Researchers uncover “pseudo leukotrienes” that could reshape how asthma and inflammatory diseases are treated (Figure 1).
For decades, asthma has been explained by a familiar culprit: leukotrienes, inflammatory molecules released by immune cells that constrict airways and make breathing difficult. Entire classes of asthma drugs have been designed to block their effects, and for many patients, these treatments help.
But new research suggests the story may be more complex. In a new study scientists report the discovery of previously unrecognized molecules that closely resemble leukotrienes but are produced through a completely different chemical pathway. These newly identified compounds, dubbed “pseudo leukotrienes,” may be the true drivers of inflammation in asthma.
Classic leukotrienes are generated through tightly regulated enzymatic reactions. In contrast, pseudo leukotrienes arise from free radical–driven lipid oxidation, a chaotic chemical process like combustion.
People with asthma may lack sufficient antioxidant defences to neutralize free radicals, allowing these reactions to spiral and generate large quantities of pseudo leukotrienes. Despite their different origins, both leukotrienes and pseudo leukotrienes activate the same airway receptors, triggering inflammation and bronchoconstriction.
Current asthma drugs, such as leukotriene receptor blockers, work by blocking the receptor, preventing inflammatory molecules from “turning the ignition.” But if pseudo leukotrienes are the dominant inflammatory signal, blocking the receptor may also interfere with beneficial roles of leukotrienes, which contribute to normal immune responses, healing, and even brain function.
This shift opens the door to antioxidant or redox-targeted therapies that selectively dampen harmful inflammation without suppressing beneficial immune functions.

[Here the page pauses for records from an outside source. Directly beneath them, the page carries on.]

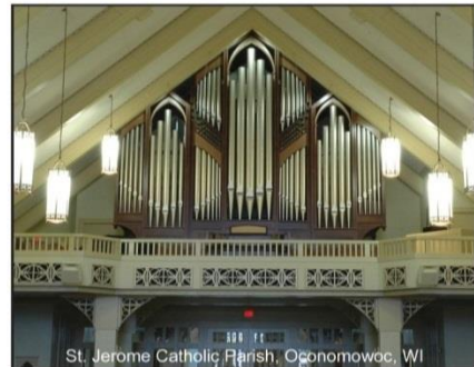
St. Jerome Catholic Parish, Oconomowoc, WI

708-544-4052 • info@berghausorgan.com • 2151 Madison St., Bellwood, IL 60104 • www.berghausorgan.com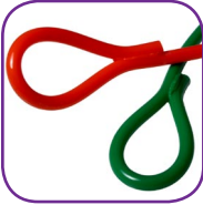
Lap fused loop

a 90° Fused Loop and a Flat Weld. The 90° is probably better for most applications because it means the tether will hang straight while providing optimum mobility for most attachments. Alternatively, the flat weld is a slightly more secure method of attaching your hardware.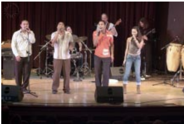
Pamyua performance (2005-32784)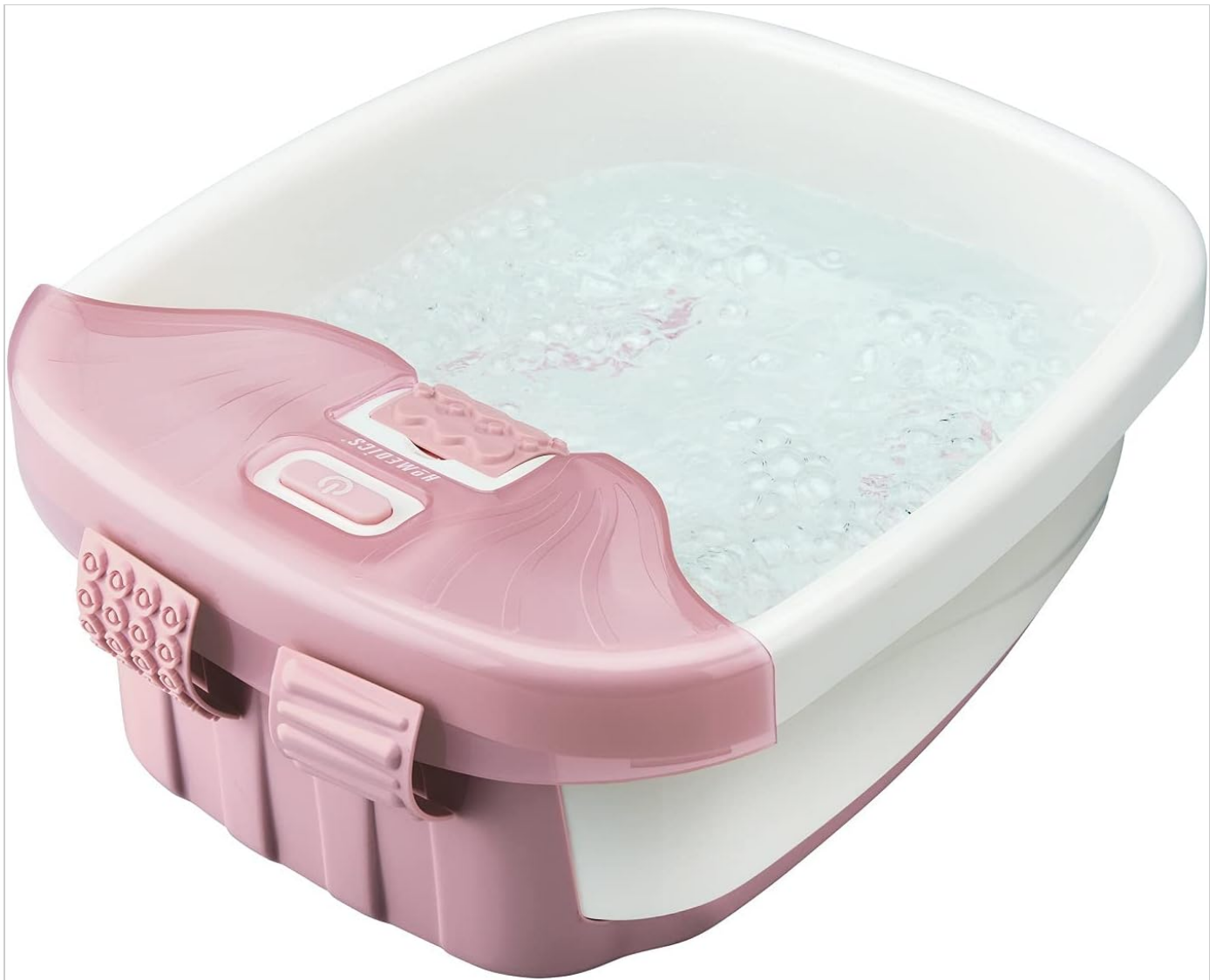
Image: The HoMedics Bubble Bliss Deluxe Foot Spa, filled with water and generating bubbles, showcasing its design and function.

To test their hypothesis, the researchers synthesized pseudo leukotrienes in the lab and developed methods to detect them in biological samples. They then analysed urine from people with mild and severe asthma and compared it to samples from healthy controls.
The results:
- Pseudo leukotrienes were present at much higher levels in asthma patients
- Levels correlated strongly with disease severity
- Even mild asthma patients had four to five times higher levels than healthy individuals
This suggests pseudo leukotrienes could serve as a new biomarker for asthma severity and treatment response.
The team now plans to investigate whether pseudo leukotrienes contribute to other inflammatory diseases, including RSV infection, bronchiolitis in infants, chronic obstructive pulmonary disease (COPD) and potentially even neurodegenerative conditions such as Parkinson’s and Alzheimer’s disease.
Researchers have identified a new class of inflammatory molecules, pseudo leukotrienes that may be the real drivers of asthma. By targeting the oxidative processes that generate them, future therapies could treat asthma more precisely while preserving the body’s beneficial inflammatory responses.
Journal article: Liu, S.-Y., et al. 2025. Radical-induced Lipid Oxidation Produces a Torrent of Leukotriene-like Agonists in Severe Asthma. Journal of Allergy and Clinical Immunology.